He is drunkenly eating my teddy grahms and making little growling noises as he bites the head off of each one.
Come put a leash on your gf. She just challenged 8 cops to a wrestling match for 'tag team champion of the world'
Amanda Bynes on the cover of maxim is my 8th grade masturbation fantasy come to life
I haven't shaved in at least a week, he said "obviously neither one of us was prepared for this"
Confirm for me that it's be a bad idea to sleep with the 50 year old that's currently hitting on me?
You did a jig for the bouncer when you saw him. Just reminding you.
I just saw my first passed out person, sprawled out on the sidewalk like they died. I wanted to take a pic but I thought that screamed "tourist"

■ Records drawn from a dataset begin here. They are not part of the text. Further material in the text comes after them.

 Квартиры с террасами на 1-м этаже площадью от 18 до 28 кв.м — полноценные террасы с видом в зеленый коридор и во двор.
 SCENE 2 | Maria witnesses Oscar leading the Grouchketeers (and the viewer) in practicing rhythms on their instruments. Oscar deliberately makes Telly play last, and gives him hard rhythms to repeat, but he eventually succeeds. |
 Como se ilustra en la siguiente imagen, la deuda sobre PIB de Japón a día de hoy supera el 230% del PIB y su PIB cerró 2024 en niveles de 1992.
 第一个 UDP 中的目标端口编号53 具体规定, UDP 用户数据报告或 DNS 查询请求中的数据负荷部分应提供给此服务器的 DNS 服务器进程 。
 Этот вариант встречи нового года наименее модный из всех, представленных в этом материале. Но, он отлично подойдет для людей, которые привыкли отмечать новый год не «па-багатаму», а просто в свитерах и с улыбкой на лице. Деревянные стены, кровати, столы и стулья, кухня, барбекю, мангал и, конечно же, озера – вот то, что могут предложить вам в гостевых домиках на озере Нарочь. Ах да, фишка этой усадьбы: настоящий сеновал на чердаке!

That boy needs some memories to take back home with him
Can rosie odonnell just not be a lesbian? Shes stressing me out, knowing we bat for the same team.

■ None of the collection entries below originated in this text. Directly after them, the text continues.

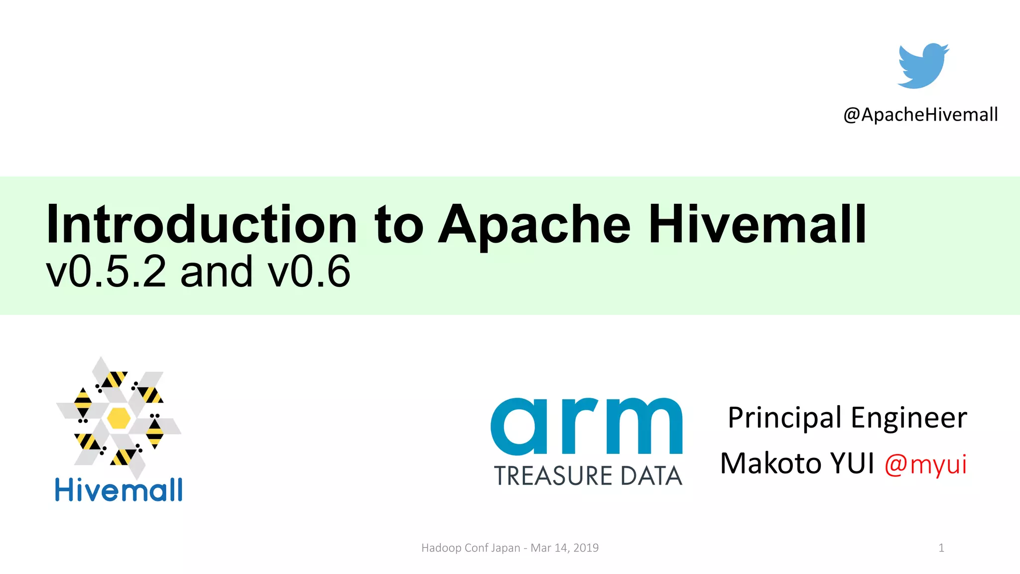 Introduction to ApacheHivemall v0.5.2 and v0.6 Principal Engineer Makoto YUI @myui @ApacheHivemall 1Hadoop Conf Japan - Mar 14, 2019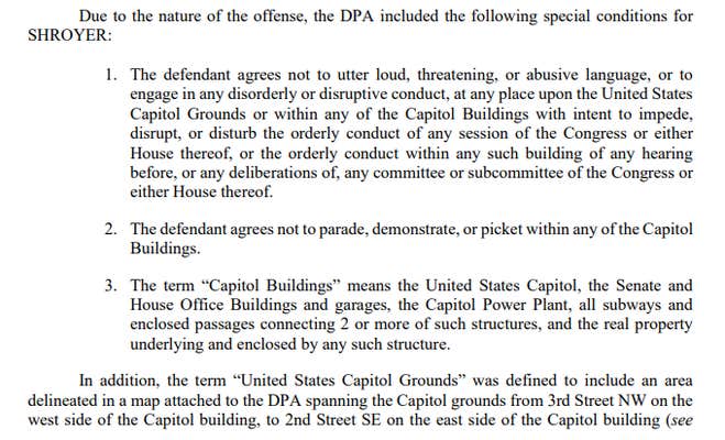 The agreement also reportedly included a map defining what area constituted Capitol grounds. “As a result of the DPA, Shroyer had special knowledge of what areas in Washington, D.C. in and around the U.S. Capitol constituted the U.S. Capitol grounds,” prosecutors claim.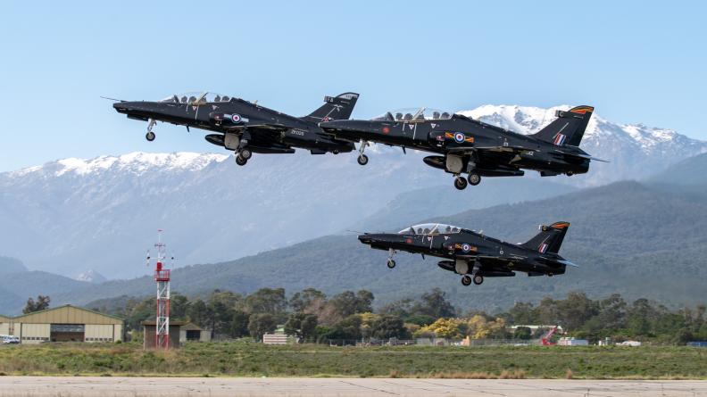 Les avions de chasse britanniques Hawk T2 ont effectué une quarantaine de sorties aériennes au-dessus de l’île. Le déploiement vise à renforcer l’interopérabilité entre les forces armées françaises et britanniques, un objectif qui s’inscrit également dans les grandes lignes du discours d’Emmanuel Macron, le 2 mars, depuis la base militaire de l’Ile Longue dans le Finistère, plaidant pour une nouvelle doctrine dite de la « dissuasion avancée » mais aussi dans le cadre du partenariat franco-britannique des accords de Lancaster House, signés en novembre 2010, visent à renforcer la coopération militaire et de défense entre les deux pays. Ils prévoient notamment le partage de capacités militaires, le développement conjoint d’armements et une collaboration accrue en matière de dissuasion nucléaire. L’un des piliers de ces accords est la création de la Force expéditionnaire conjointe franco-britannique (Combined Joint Expeditionary Force – CJEF), une force binationale conçue pour mener des opérations militaires conjointes de haute intensité : « Opérationnelle depuis 2020, la CJEF incarne l’engagement franco-britannique en faveur d’une défense européenne renforcée et d’une capacité d’intervention autonome sur la scène internationale. » précise le Ministère des Armées.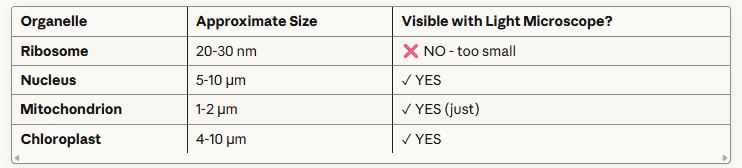 Common Error Why it's wrong Correct answer "Staining makes cells clearer" Too vague "Staining increases contrast between structures" "High magnification gives better resolution" Magnification ≠ resolution "Electron microscopes have higher resolution than light microscopes" "Ribosomes can be seen with light microscope" Too small (20-30 nm) "Ribosomes cannot be seen - below 200 nm resolution limit" "SEM images are 3D" Technically 2D data "SEM produces 2D images of surfaces" (though may appear 3D)

According to my snapchat story, I tore a fake wig off a security guard and ran away with it.
Asking for a friend: is it frowned upon to eat pizza while you materbate or does it just mean you are fantastic at multitasking?
The guy I made out with the other night fed me chipotle favored funions and I thought it was true love when I was drunk.
Mischief managed.
YOU ARE NOT A MARAUDER, WHAT THE FUCK DID YOU DO NOW?
I've been getting a lot of emails from patron lately for being a great customer. Is that awesome, or should I start thinking about seeking help?